Symptomatologic pathomechanism of N-methyl D-aspartate receptor encephalitis
Article information
Abstract
N-methyl D-aspartate receptor (NMDAR) encephalitis is a well-characterized clinical syndrome. The main molecular mechanism of NMDAR encephalitis is autoantibody-mediated NMDAR hypofunction in the neuronal synapse. Several pathomechanistic hypotheses might explain how NMDAR hypofunction causes the typical symptoms and prognosis of NMDAR encephalitis. Suppression of NMDAR-dependent gamma-aminobutyric acid interneurons provokes an accelerated activation of the positive feedback loops of the dorsolateral prefrontal cortex/subiculum–nucleus accumbens circuit in the striatum, the ventral tegmental area (VTA), and the nucleus reuniens in the thalamus–hippocampus–VTA loop. Dysregulated activation of the VTA and cortex via those positive feedback loops may explain the rapid clinical deterioration at acute stages of the disease and the well-characterized syndrome that includes limbic system dysfunction, intractable seizures, dyskinesia, coma, and the characteristic extreme delta brush. Progressive cerebellar atrophy is correlated with cumulative disease burden and is associated with worse long-term outcomes, which might be explained by the NMDAR-dependent pathways required to maintain neuronal survival. Those pathomechanistic hypotheses for NMDAR encephalitis support the rationale for the early introduction of combination immunotherapy and the use of adjuvant immunotherapy in patients with persisting symptoms in chronic disease phases.
Introduction
N-methyl D-aspartate receptor (NMDAR) encephalitis is the most common antibody-mediated autoimmune encephalitis that frequently affects young females [1-4]. Ovarian teratoma, herpes simplex encephalitis, or other autoimmune diseases such as neuromyelitis optica spectrum disorder are known to trigger the production of immunoglobulin G1 (IgG1) and promote autoantibody binding to the NR1 subunit of NMDAR, resulting in the hypofunction of NMDA signals in neuronal synapses [5-8].

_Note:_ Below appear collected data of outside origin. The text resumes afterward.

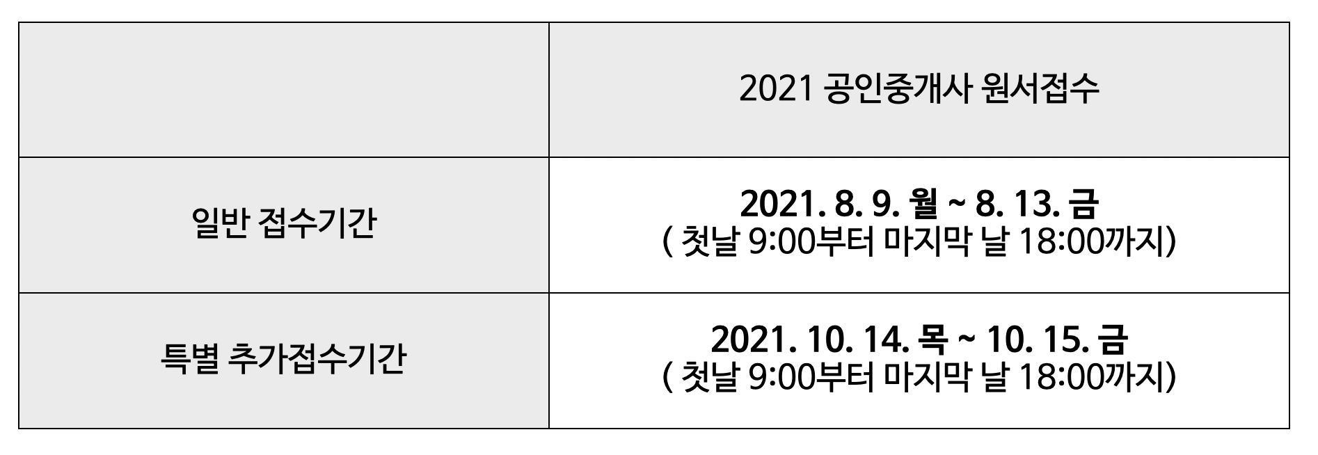 2021년 공인중개사 시험일정 & 원서접수 날짜 & 시험과목 총정리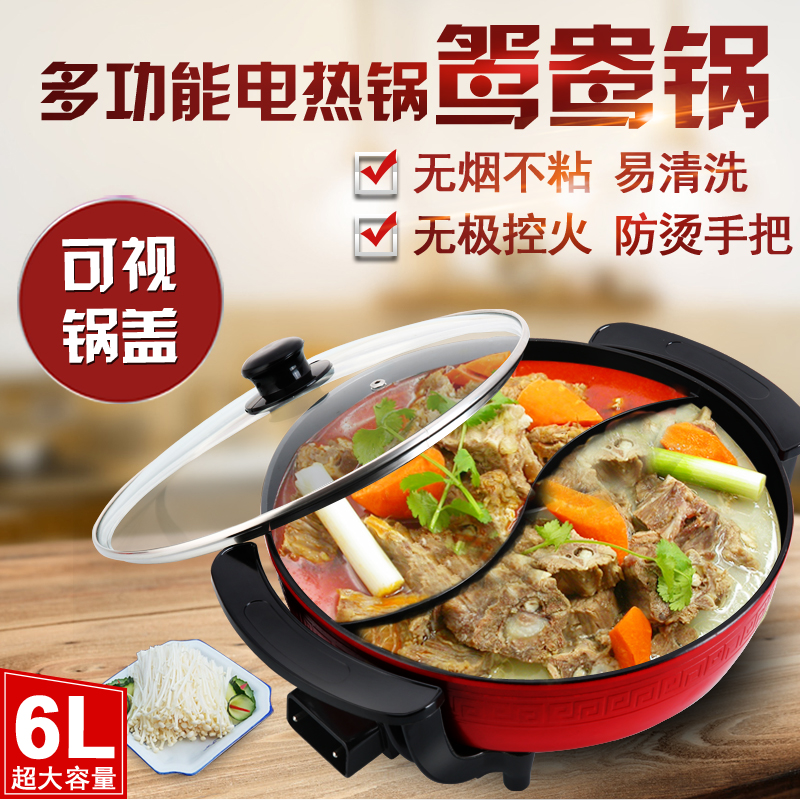 鸳鸯电火锅大红双喜韩式多功能电煮锅家用火锅锅电热锅电涮不粘锅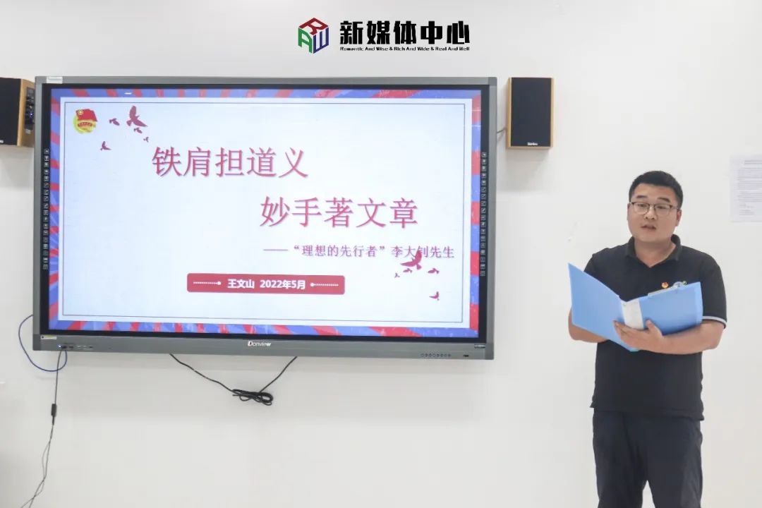 外语系王文山老师的课程主题是“铁肩担道义,妙手著文章”。他通过李大钊先生的狱中绝笔,引申了青春之中华、青春之进步、青春之理想和青春之使命四个部分,李大钊和更多牺牲的烈士们的遗愿,我们将永志不忘。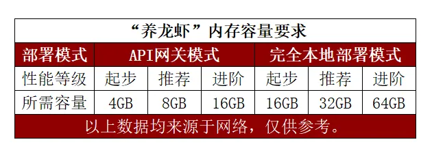 通过上面的表格我们可以了解到,在不同性能等级下完全本地“养龙虾”的内存容量需求: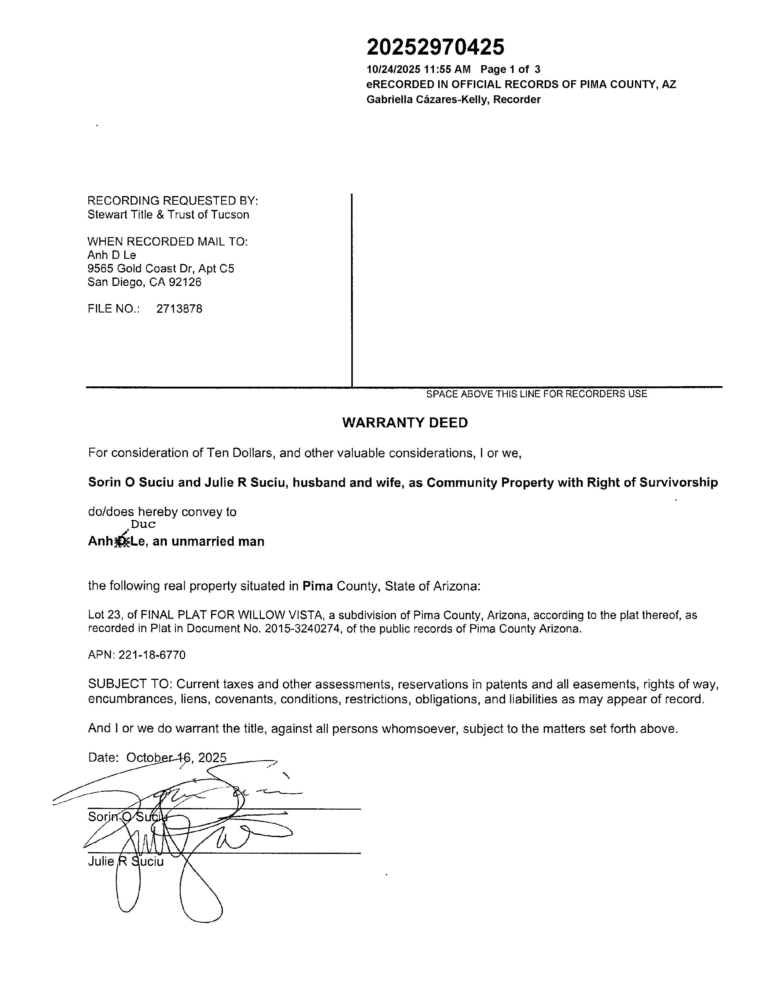 4813WWILLOWWINDWAY,TUCSON,AZ85741-3958 ParcelNumber 221-18-6770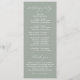 Estos elegantes programas de bodas en verde sabio presentan un marco decorativo ornamental con caligrafía moderna. Estos programas de bodas a lo largo del té son planos con un frente y una espalda. Tu fiesta de bodas y mensaje de agradecimiento está en la parte trasera. Ver piezas coincidentes en esta colección de bodas verdes de sabios.

NMDAR encephalitis is a well-characterized clinical syndrome [9,10]. After the prodromal manifestation of fever and headache, typical symptoms occur that involve the limbic system, including memory dysfunction, psychiatric symptoms, language disturbance, and seizures. Once developed, encephalitis tends to rapidly deteriorate neural function, with patients exhibiting intractable seizures, dyskinesia, dysautonomia, central hypoventilation, and coma [4,11]. Although NMDAR encephalitis has a monophasic course with a near-complete recovery of symptoms in most cases, long-term sequelae such as executive dysfunction, psychomotor slowing, disinhibition, and disturbed sleep remain in some severe and intractable cases [9-14]. However, the mechanism for the anti-NMDAR autoantibody-related development of these characteristic clinical features and patterns of progression has not been fully addressed.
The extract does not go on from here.